Feminists should boycott these books.

Rich damaged man, poor foolish woman. Meet. Fall in love. Insert conflict. End with tragedy. I hate these formula books and this book was one of those to the core. It started off decently enough but about halfway through it I could have told you exactly how the story was going to progress. It was worse than most of the cliched books out there. If you are into that sort of things, great. If not, avoid this book like the plague. It was an utter disappointment. My fault entirely, because I quit reading soppy crap like this a long time because I thought they were playing on my emotions to bring me down and making me feel weak and I didn’t need anymore of that in my life than I already had. No body needs books that leave them feeling like crap and wishing they had someone else’s life. No one deserves that. Books should be uplifting and inspiring. This was just another version of Twilight grounded in a world that looked a shade similar to ours.

Golem & Jinni

For a book with such a cheesy title, this book really surprised me. It really wasn’t as bad as I was expecting it to be and there was a quiet pleasure in reading it. Admittedly, the title WAS the reason I was attracted to it and wanted to read it. The word “Jinni” just has such a pull to it, at least for me because of the mystery surrounding the legend rooted in our culture and religion. Regaled with stories from our parents and friends as kids about these mythical creatures that are made of fire and have powers that could allow them to rule the world if they so wished, our level of interest just got wired at the very mention of the word “Jinni” making us hungry for more information, any story that could reveal the nature of these beings so hidden from us.

The myth of the Golem was not something I have heard of. From what I read and will now research, it is a Hebrew legend. Beings made of clay as opposed to the Jinni being created from fire. In my religion, humans are made of mud and clay too. Does that make humans a form of Golem too? Hmm. I wonder. It’s unfortunate that Wikipedia doesn’t have the answer to life. It would make my life so much easier.

Anyways the book read like an epic and in a good way. The language was expansive enough to keep it interesting and not formal enough to be a difficult read. It was poetic and yet easy to make it an enjoyable read. The ideas were there, woven together and just like in life, some characters didn’t play an interesting enough part or have much of a role in the overall story and it seemed like it was close enough to real life and how some people just don’t play an important enough role in your life to make a lasting impression.
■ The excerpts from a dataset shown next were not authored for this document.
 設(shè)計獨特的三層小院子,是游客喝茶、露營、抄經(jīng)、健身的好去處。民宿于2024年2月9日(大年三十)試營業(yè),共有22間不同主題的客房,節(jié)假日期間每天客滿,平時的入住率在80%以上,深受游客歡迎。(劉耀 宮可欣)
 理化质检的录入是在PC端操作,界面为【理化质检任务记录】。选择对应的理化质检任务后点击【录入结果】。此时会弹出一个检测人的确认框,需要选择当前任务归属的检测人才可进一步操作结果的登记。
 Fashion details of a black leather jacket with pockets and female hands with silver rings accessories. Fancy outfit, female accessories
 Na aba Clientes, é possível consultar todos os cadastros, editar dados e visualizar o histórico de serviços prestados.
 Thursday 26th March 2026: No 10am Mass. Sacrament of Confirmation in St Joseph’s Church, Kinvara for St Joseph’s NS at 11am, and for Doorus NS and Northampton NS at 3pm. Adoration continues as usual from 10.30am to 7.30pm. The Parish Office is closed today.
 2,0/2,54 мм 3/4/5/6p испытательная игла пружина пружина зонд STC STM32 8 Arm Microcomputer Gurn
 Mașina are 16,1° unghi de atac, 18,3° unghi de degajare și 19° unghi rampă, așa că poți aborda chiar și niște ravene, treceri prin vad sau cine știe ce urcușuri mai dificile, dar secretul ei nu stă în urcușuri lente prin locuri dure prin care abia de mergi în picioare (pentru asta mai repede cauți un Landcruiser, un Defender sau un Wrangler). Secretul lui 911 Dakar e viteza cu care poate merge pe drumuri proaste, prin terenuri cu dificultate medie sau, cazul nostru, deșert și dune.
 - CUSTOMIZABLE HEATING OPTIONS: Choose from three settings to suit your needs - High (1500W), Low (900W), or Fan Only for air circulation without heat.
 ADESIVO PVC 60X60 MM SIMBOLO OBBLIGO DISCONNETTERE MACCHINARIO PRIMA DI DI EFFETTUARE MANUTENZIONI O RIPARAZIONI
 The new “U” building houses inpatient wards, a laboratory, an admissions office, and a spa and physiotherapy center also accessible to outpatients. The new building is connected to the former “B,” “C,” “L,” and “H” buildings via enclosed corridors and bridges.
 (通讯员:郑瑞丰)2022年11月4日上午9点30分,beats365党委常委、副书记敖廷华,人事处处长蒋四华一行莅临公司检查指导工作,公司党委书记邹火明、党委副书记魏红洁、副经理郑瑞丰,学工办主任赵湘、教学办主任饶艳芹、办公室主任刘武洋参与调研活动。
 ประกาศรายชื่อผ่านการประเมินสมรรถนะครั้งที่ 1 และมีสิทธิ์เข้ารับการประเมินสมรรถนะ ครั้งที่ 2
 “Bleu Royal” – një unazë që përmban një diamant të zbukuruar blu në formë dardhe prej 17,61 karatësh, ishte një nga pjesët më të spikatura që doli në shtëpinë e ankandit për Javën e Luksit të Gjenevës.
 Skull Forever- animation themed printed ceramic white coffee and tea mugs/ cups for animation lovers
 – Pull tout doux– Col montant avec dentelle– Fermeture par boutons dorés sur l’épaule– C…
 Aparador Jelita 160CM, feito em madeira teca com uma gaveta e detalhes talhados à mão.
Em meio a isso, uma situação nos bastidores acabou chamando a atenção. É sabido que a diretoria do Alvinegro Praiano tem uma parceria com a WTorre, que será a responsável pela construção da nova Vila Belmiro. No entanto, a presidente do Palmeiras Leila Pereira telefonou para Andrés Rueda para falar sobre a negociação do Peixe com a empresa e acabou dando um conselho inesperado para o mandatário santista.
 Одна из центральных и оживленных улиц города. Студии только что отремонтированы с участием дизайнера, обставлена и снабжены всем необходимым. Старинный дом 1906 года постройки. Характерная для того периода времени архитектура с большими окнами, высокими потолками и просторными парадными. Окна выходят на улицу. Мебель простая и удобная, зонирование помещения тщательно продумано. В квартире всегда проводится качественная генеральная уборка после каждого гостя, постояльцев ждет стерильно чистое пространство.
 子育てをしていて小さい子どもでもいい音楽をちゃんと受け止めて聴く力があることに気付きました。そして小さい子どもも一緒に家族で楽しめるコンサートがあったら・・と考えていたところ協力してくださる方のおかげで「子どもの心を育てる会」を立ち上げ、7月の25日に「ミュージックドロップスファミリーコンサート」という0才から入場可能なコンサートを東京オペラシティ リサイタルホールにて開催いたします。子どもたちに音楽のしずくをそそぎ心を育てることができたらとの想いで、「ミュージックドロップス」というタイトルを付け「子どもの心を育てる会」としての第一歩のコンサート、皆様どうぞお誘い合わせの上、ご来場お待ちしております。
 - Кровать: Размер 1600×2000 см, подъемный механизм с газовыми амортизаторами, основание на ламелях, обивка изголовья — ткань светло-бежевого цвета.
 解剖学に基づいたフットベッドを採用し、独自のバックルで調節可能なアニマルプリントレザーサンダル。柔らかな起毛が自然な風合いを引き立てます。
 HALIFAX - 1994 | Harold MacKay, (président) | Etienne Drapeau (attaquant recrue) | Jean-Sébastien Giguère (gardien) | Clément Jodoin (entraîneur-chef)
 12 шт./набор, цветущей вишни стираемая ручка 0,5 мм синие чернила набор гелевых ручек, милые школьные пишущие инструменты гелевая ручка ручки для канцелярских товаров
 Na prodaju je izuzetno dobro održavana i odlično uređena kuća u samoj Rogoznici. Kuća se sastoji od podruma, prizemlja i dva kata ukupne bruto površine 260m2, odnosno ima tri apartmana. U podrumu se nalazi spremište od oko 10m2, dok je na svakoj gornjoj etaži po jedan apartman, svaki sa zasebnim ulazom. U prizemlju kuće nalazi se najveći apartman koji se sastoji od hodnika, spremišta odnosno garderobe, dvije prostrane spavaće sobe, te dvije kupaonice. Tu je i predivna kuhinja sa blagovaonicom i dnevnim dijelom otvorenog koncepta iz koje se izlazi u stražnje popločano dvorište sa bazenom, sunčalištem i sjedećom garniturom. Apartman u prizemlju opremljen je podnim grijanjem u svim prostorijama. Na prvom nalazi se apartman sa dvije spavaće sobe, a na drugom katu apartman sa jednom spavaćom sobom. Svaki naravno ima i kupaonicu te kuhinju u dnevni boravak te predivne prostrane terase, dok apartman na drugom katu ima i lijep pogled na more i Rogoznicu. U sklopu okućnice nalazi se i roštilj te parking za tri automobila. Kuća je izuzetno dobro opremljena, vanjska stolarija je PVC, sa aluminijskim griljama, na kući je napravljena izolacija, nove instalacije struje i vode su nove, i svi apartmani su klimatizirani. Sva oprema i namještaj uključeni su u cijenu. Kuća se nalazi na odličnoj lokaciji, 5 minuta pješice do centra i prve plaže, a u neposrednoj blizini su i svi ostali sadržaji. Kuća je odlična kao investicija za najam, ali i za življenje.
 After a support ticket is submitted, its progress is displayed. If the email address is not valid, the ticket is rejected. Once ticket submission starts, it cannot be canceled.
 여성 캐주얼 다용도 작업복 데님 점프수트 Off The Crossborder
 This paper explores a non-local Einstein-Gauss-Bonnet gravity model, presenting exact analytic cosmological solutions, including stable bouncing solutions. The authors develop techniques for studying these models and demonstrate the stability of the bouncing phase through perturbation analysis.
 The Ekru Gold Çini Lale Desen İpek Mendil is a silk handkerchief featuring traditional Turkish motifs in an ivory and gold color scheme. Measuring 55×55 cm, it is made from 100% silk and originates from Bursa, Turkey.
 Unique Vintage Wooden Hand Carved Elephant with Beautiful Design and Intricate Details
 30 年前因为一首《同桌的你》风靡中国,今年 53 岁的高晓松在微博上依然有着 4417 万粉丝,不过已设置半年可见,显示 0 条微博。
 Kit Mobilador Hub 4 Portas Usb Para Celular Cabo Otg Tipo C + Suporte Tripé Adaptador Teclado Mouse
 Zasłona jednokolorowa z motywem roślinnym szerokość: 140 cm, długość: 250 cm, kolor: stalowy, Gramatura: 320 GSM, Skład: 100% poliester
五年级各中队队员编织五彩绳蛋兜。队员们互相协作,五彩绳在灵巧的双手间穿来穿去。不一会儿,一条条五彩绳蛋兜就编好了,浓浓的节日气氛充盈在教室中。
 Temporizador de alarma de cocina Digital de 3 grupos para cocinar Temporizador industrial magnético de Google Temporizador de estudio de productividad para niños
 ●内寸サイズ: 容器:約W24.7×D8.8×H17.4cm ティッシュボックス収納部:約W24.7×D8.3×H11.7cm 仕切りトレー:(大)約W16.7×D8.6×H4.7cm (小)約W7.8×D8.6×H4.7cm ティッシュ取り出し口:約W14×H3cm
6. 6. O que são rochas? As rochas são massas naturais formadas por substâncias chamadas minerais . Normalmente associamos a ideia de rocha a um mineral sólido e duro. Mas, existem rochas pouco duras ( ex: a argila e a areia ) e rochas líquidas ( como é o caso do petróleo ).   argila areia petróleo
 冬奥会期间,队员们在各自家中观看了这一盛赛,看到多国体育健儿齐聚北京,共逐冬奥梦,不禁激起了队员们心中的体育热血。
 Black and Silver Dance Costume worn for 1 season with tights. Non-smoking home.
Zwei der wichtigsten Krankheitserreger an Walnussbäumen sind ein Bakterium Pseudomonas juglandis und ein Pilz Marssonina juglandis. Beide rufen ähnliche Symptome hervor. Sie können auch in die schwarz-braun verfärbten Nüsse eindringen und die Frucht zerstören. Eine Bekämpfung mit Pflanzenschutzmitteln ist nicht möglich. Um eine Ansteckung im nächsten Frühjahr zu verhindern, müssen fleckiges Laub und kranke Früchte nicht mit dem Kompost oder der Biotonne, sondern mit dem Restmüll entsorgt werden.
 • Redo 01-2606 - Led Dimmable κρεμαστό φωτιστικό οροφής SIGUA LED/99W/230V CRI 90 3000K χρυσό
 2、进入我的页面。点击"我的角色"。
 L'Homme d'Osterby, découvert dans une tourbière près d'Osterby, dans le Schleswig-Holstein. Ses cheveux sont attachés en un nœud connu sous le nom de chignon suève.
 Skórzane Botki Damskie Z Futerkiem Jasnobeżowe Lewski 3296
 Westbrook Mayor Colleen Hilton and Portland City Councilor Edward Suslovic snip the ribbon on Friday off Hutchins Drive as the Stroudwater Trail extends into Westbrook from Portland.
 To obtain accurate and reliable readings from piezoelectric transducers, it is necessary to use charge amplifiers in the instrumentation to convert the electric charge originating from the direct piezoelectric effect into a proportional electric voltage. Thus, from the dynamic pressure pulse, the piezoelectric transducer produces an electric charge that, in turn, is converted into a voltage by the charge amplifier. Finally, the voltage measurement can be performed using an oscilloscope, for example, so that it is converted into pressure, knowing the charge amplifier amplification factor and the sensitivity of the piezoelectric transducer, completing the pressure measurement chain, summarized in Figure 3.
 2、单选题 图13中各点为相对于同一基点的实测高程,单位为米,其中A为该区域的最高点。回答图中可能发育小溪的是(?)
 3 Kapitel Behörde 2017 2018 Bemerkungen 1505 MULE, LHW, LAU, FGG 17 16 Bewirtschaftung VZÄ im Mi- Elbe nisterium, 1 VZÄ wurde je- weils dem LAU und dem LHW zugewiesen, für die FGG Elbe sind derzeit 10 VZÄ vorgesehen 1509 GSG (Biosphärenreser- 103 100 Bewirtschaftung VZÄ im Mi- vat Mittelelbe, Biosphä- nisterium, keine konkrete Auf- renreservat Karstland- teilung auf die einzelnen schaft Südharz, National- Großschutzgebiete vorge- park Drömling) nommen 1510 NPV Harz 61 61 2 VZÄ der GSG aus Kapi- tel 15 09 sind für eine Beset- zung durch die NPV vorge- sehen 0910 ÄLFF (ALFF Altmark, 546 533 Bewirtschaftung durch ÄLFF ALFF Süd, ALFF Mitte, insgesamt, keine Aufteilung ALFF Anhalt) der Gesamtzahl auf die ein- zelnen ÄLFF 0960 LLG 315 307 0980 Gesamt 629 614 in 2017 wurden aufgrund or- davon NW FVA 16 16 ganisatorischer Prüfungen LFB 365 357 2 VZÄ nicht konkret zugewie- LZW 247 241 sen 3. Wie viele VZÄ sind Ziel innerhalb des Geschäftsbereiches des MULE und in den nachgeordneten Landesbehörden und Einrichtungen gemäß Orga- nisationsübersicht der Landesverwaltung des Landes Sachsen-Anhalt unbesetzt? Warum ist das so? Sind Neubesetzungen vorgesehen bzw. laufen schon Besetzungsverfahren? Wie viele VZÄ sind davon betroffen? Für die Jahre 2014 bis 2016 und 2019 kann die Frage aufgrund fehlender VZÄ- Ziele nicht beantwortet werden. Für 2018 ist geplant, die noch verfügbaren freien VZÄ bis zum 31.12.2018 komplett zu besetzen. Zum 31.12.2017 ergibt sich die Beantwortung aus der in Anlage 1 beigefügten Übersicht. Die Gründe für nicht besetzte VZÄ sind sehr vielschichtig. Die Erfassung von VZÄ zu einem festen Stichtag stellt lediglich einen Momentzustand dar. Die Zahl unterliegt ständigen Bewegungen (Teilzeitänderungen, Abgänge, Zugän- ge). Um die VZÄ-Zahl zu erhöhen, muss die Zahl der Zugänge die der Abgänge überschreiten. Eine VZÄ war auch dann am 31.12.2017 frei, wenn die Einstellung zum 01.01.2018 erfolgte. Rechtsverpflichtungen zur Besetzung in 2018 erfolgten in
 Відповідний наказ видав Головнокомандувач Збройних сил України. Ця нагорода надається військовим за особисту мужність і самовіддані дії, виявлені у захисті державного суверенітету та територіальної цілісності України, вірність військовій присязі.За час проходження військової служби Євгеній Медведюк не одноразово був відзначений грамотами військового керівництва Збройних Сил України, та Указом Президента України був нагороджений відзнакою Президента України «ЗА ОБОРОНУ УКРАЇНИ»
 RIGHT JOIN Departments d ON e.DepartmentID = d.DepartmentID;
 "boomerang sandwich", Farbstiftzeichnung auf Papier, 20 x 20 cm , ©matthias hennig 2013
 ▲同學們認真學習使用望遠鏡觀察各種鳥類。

Her future unrolled before her like a dreadful tapestry, its pattern set and immutable. There would be a wedding, and then a house somewhere nearby on the avenue, with a nursery for the children that were, of course, mandatory. She’d spend interminable summers in the country, traveling from estate to estate, playing endless games of tennis, chafing under the strain of being constantly a guest in someone else’s home. Then would come middle age, and the expected taking-up of a cause, Temperance or Poverty or Education—it did not matter so long as it was virtuous and uncontroversial, and furnished opportunities for luncheons with dowdy speakers in severe dress. Then old age and decrepitude, the slow transformation into a heap of black taffeta in a bath chair, to be displayed briefly at parties and then put out of sight; to spend her last days sitting bewildered by the fire, wondering where her life had gone.

It’s true isn’t it? Sometimes I feel like we are all following a script and we are expected to play the roles that we are supposed to. Our entire lives are planned out by our society and we can’t choose a different life for ourselves. If we want something different for ourselves, we have to fight for it every step of the way.

She didn’t have the stomach for prolonged family strife, nor the fortitude to make her own way in the world.

And that brings us to this quote. Who has the strength to extend wars we have to fight to live the life that we want, that may be different from what others want for us.